▸ What is required: Repeat the following data exactly, omitting pictures.

▸ Data block:

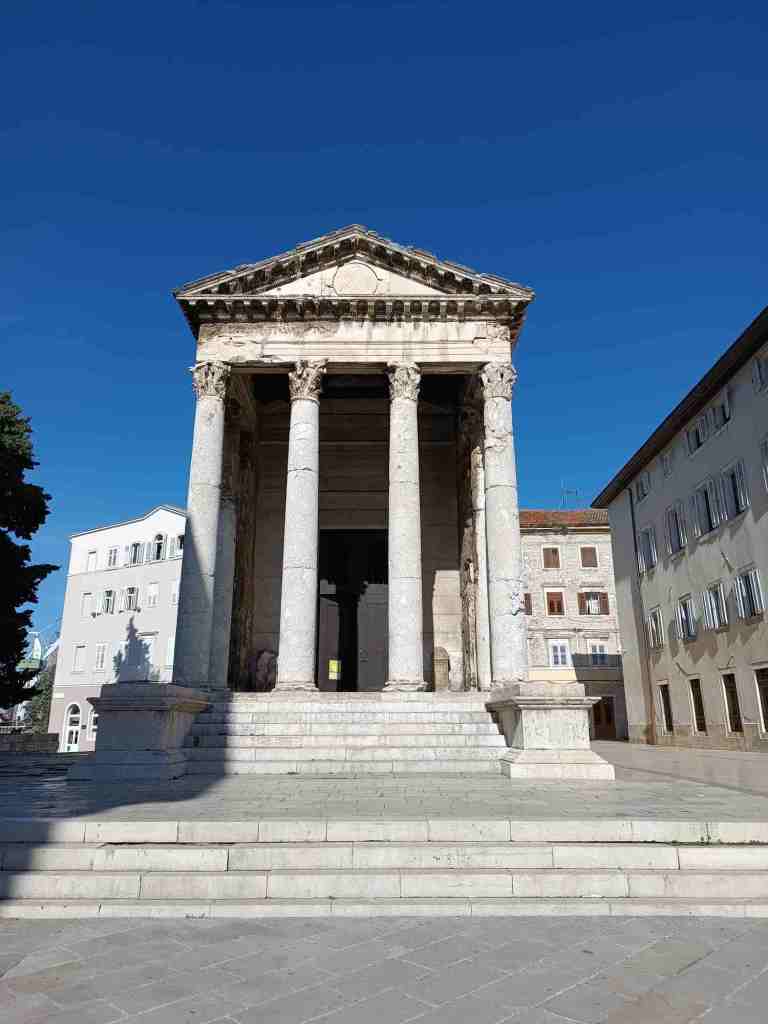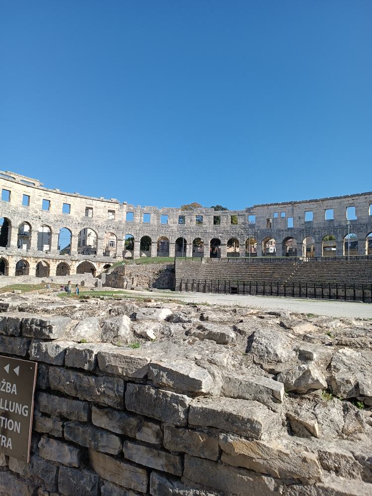 In Pula den Augustustempel und das Amphitheater. Am Kap gab es eine – leider geschlossene – Bar, echt schön. Einige Mitreisende haben im Meer gebadet, ich habe das von oben beobachtet. Hier sollte es auch Dinosaurier Fußabdrücke geben, habe ich aber nicht gefunden, dafür aber noch einen Cache.
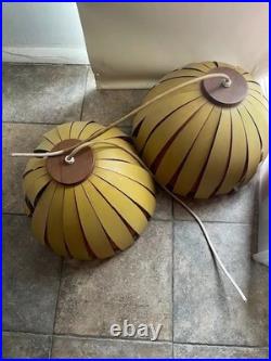 Mid Century Modern, Vintage Fiesta Double Pendent Light by Sven Aage /Holm Sorensen, Very Rare, s elling both of them, they are in good condition. One on the left has a few bent pieces.
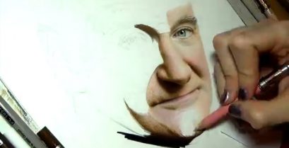 Ter ere van de dood van Robin Williams, de 20-jaar-oude kunst student Heather Rooney schetst een verrassend realistisch portret van, die blikken als foto.
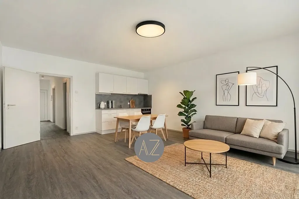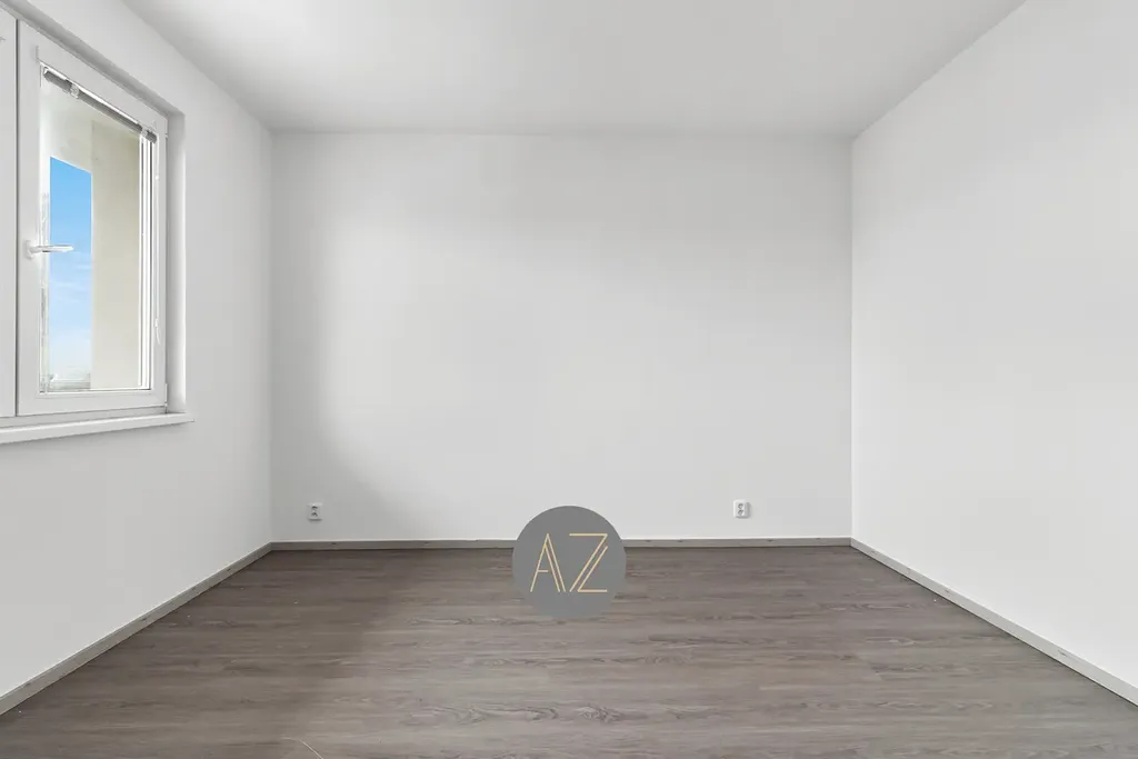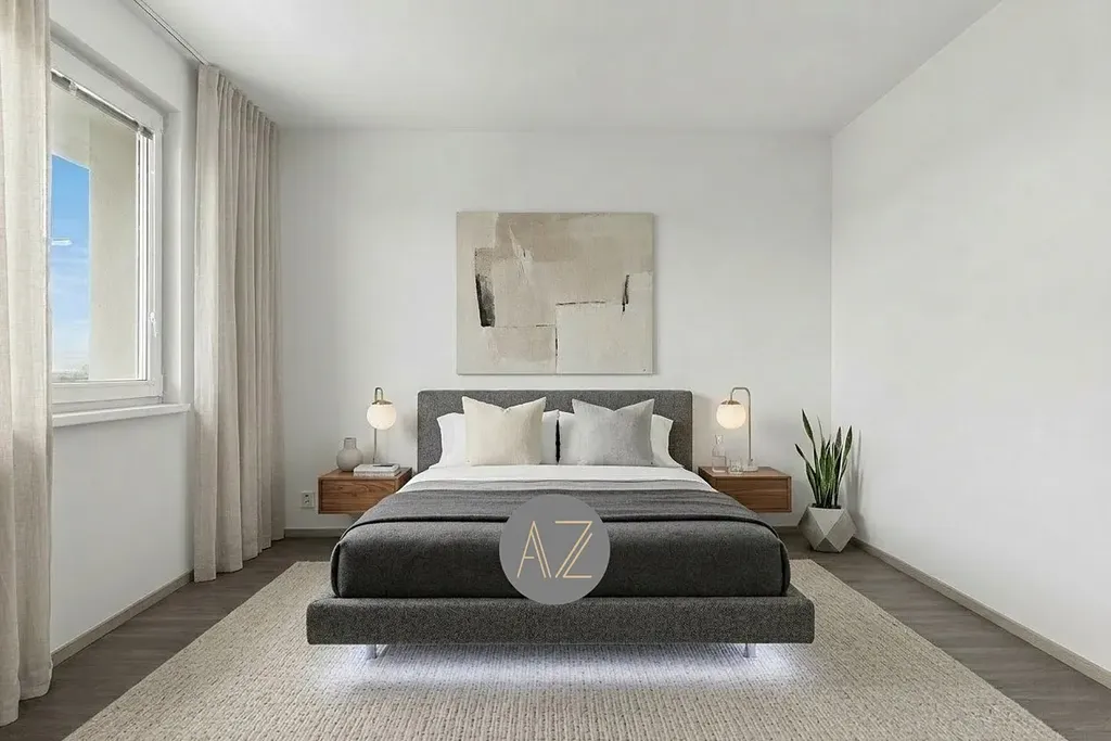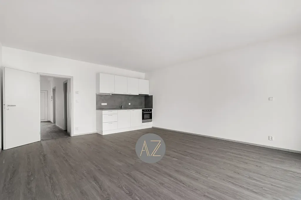 Byt není vybaven. Vizualizace obývacího pokoje s kuchyní a ložnice slouží k lepší představě, jaké množství nábytku lze do místností umístit. Po dohodě lze byt dovybavit chladničkou a pračkou.

▸ Answer for this exercise:
 In Pula den Augustustempel und das Amphitheater. Am Kap gab es eine – leider geschlossene – Bar, echt schön. Einige Mitreisende haben im Meer gebadet, ich habe das von oben beobachtet. Hier sollte es auch Dinosaurier Fußabdrücke geben, habe ich aber nicht gefunden, dafür aber noch einen Cache.
 Mid Century Modern, Vintage Fiesta Double Pendent Light by Sven Aage /Holm Sorensen, Very Rare, s elling both of them, they are in good condition. One on the left has a few bent pieces.
 Ter ere van de dood van Robin Williams, de 20-jaar-oude kunst student Heather Rooney schetst een verrassend realistisch portret van, die blikken als foto.
 Byt není vybaven. Vizualizace obývacího pokoje s kuchyní a ložnice slouží k lepší představě, jaké množství nábytku lze do místností umístit. Po dohodě lze byt dovybavit chladničkou a pračkou.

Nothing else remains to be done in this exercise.